It's important, but never easy, to give customers an indication of what their pension might be worth when they take benefits.
This year, a raft of changes will affect the projected figures customers receive, and more are anticipated. If we're to avoid creating confusion, we need to help customers put these into context.
On investing, customers receive a key features illustration, showing projections at three growth rates.
Yearly statements update these, but in ‘real' terms, allowing for the effect of inflation. It's essential that the estimates we give customers remain realistic, but too many changes to assumptions can be bewildering.
Putting projection figures into context
Aegon is providing the background to the changes alongside yearly statements, but some customers may seek further help from their adviser.
Real world developments
Some changes reflect ‘real world' developments. It's widely expected that future returns on most asset classes will be lower than historically hoped for.
Providers must use projection rates that reflect realistic expectations of returns on the underlying asset classes, so within current regulations, customers can expect to see lower future projected returns.
Annuity rates have also come down because of historically low gilt yields and life expectancy improvements. This means annuity income from the same projected fund could be around 15% less than assumed a year ago.

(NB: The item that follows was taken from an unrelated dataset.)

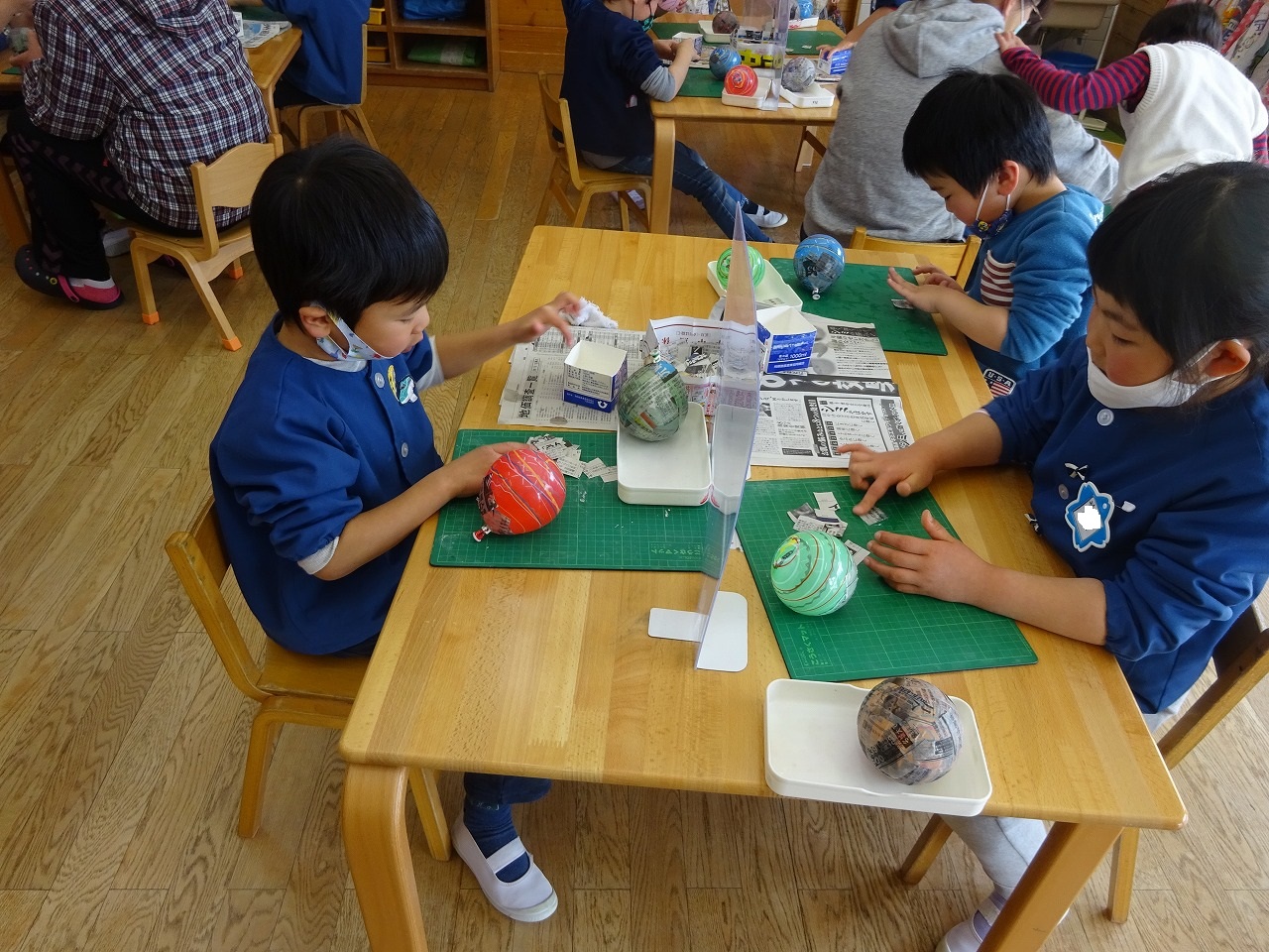 年少組・年中組は紙粘土を使って作り、年長組は、ヨーヨー釣りで使う風船に紙を何層も張って作っていきます。どのひな人形も一日ではできない根気のいる作業ですが、みんな完成を楽しみに毎日少しずつ取り組んでいます。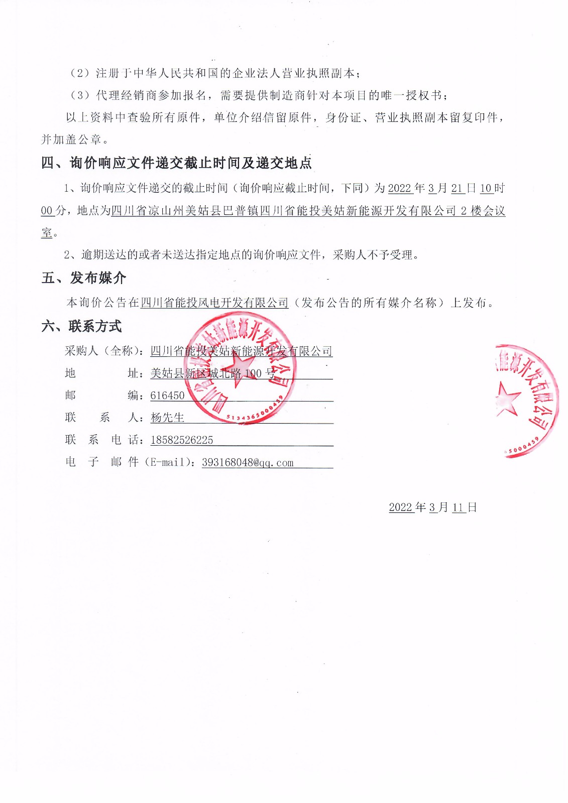 1、询价响应文件递交的截止时间(询价响应截止时间,下同)为2022年3月21日10时00分,地点为四川省凉山州美姑县巴普镇四川省能投美姑新能源开发有限公司2楼会议室。

This April, contracting-out on a defined contribution basis ended. This means customers who were contracted out in defined contribution schemes will no longer receive National Insurance rebates to boost their funds, again reducing their projected policy proceeds.
As a result of a European Court ruling, providers can no longer offer gender-specific annuity rates. While in reality, females on average outlive males, from 21 December, annuity rates won't be allowed to reflect this, meaning females could see their annuity rates rise, while males may see a further fall.
There are also presentational changes. While all providers should now be using ‘asset specific' projection rates in key features and yearly statements, there's a lack of consistency between the actual projection rates used, even for similar funds.
This doesn't help advisers or customers, particularly when comparing different pensions.
The Financial Services Authority (FSA) is consulting on ‘capping' the intermediate growth rate at 5%, rather than the current 7%. There would also be lower caps for the higher and lower rates on either side of the intermediate rate.
The proposed 5% cap is based on an independent report which concluded that a typical pension fund, invested two thirds in equities and property and one third in bonds would be unlikely to return 7%, and 5% might be more realistic.